The New York Jets top pass rusher practiced for the first time on Wednesday since his arrest for driving while impaired a week ago, but that does not mean John Abraham will take the field on Sunday against the Buffalo Bills, reports indicated.
Abraham's official status for Sunday's game has not been announced by Jets' coach Herman Edwards, but the defensive lineman seems resigned to a one-game punishment after pleading guilty Tuesday for his recent drinking-and-driving arrest, the New York Daily News reported on Thursday.
"It wouldn't be right if I were to come back, go right back to the team and be starting and doing everything like that," Abraham told the paper during his first meeting with the media for the first time since his one-car crash last Wednesday. "Obviously, something is coming. I'm just waiting for it to come. I'm not going to be a baby about it and cry. I'm going to take it on the chin and move on after this week."
Abraham will practice with the team the rest of the week, but when Edwards was asked if the lineman would play, Edwards answered with an emphatic, "No comment," the paper reported. Edwards has said no announcement will be made until Sunday.
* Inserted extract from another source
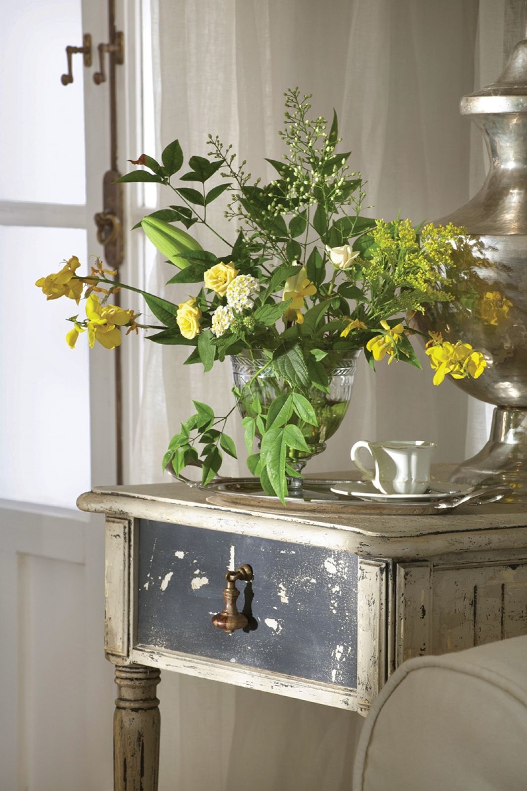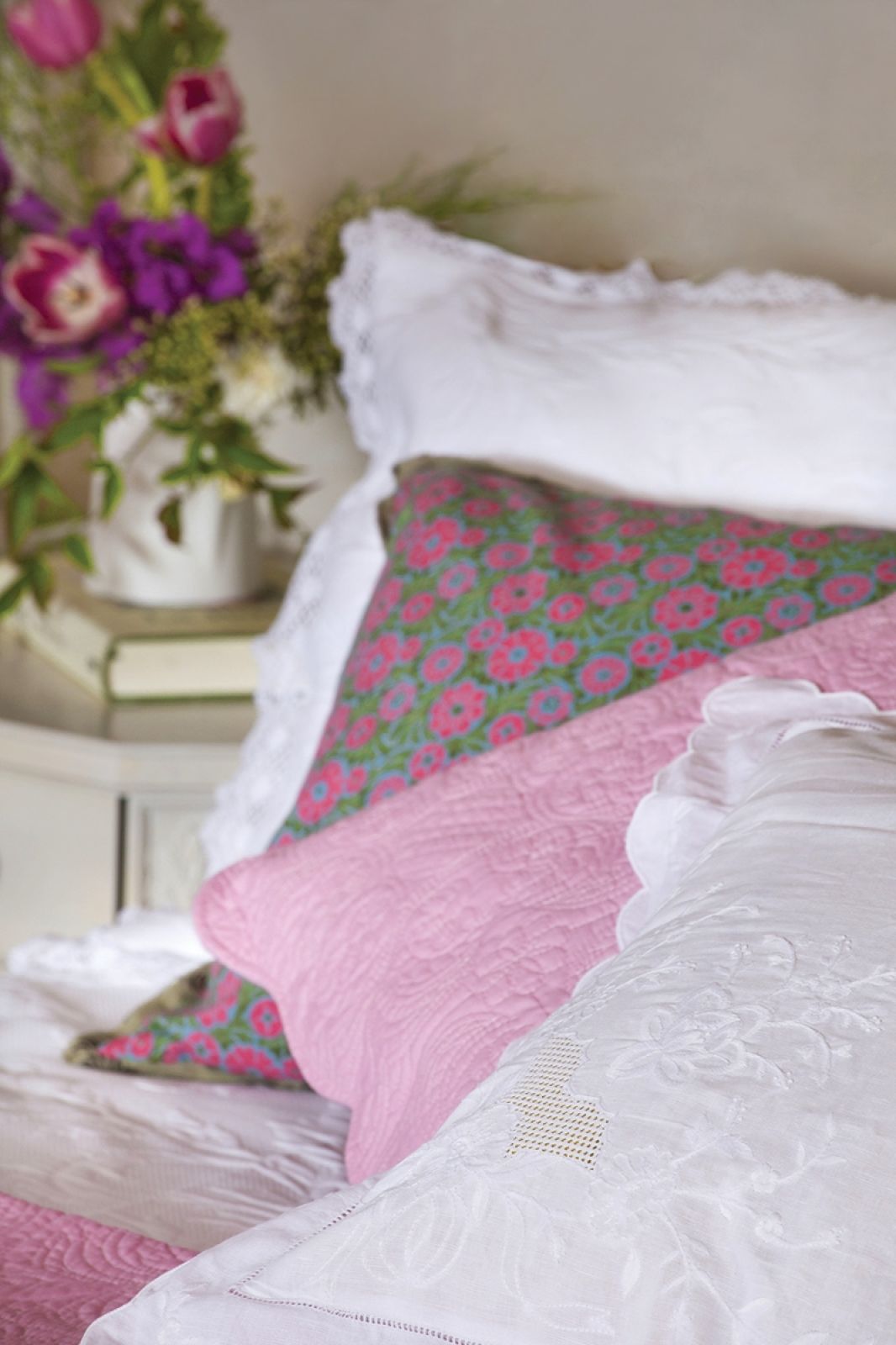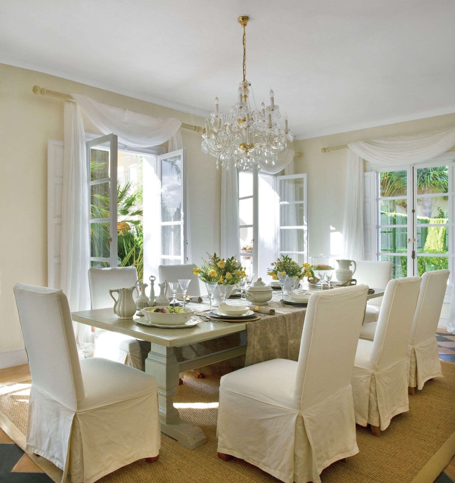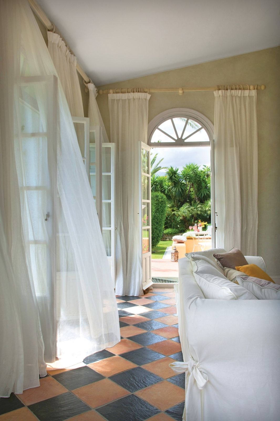 – Wyobrażałam sobie te białe muślinowe firanki, które wydymają się przy każdym podmuchu jak żagle – mówi Francine. – Niby nic, po prostu lekka tkanina bez żadnych ozdobników, a wyszła z nich tak wspaniała dekoracja okna. Cudownie prześwieca przez materiał słońce, które igra w kryształowych żyrandolach czy lustrze nad kominkiem. Specjalnie zostały upięte w taki sposób, żeby nie przeszkadzały w otwieraniu okien. Było to ważne, bo to przez okna z każdego pokoju można wyjść do ogrodu i gospodarze korzystają z nich częściej niż z drzwi.

The Jets cannot suspend or fine players for a drug or alcohol violation, as those disciplinary actions are limited to the jurisdiction of the league, but the Jets could deactivate Abraham on Sunday to get around that distinction, according to the paper.
In that most likely case, Abraham would still get his weekly game check for $95,000, and Bryan Thomas, the No. 1 pick in the 2002 draft, would replace Abraham as the starting right end, the Daily News reported.
"I'd be fine with it," Abraham said to the paper when asked about the prospect of not playing. "I did make a mistake, and with mistakes you have to take the consequences. If the consequences are me not playing this week, those are the consequences I'll have to take."
Abraham was arrested on Oct. 1 after driving his 2003 Hummer SUV into a fire hydrant and light pole. Abrahams and two passengers were not injured.
He originally was charged with driving while intoxicated after
police measured his blood-alcohol level at 0.26 percent, more than
three times the legal limit, and could have faced up to one year in jail.
But Abraham pleaded guilty Tuesday to a lesser charge of driving while impaired, avoiding jail time. Under a deal with prosecutors, Abraham's driver's license was suspended for 90 days and he was fined $330.
The low point, he told the paper, was "sitting in lock-up and thinking, 'It can't get any worse than this.' "
On Monday, Abraham realized it could've been a lot worse, the paper reported.
While Abraham waited at the airport to return to New York after being sent home to South Carolina, he saw the story of Dan Snyder, the Atlanta Thrashers center who died Sunday night from injuries sustained in a one-car accident with teammate Dany Heatley.
"I was very fortunate," Abraham told the paper. "I wasn't hurt; no one was hurt. Sure, the Hummer was hurt, and the light pole, but they can be repaired. Somebody's life can't."
Abraham will probably be fined $20,000 by the NFL. He told the paper he apologized to his teammates individually this past week.
Abraham was a first-round draft pick in 2000 -- one of a record
four the Jets had that year -- and has been the team's most
consistent defender the last two years, when he made the Pro Bowl.
In 2001, he had 13 sacks among his 82 tackles and the Jets made
the playoffs. Last season, he had 10 sacks, again in 82 tackles,
and the team won the AFC East.
This season, he has 2½ sacks.
If Abraham does not play, it would be the first big opportunity of Thomas' career, the Daily News reported. Thomas was passed over two weeks ago for the start when Abraham was sidelined with a pulled hamstring. Tackle Chester McGlockton got the call against the Cowboys, the paper said.
Thomas is developing slower than expected, but told the paper he could be a playmaker if given more playing time.
"(The fans) could see what the Jets drafted me for, to get to the quarterback," he said to the paper. "That would put a big ol' smile on my face."
Information from The Associated Press was used in this report.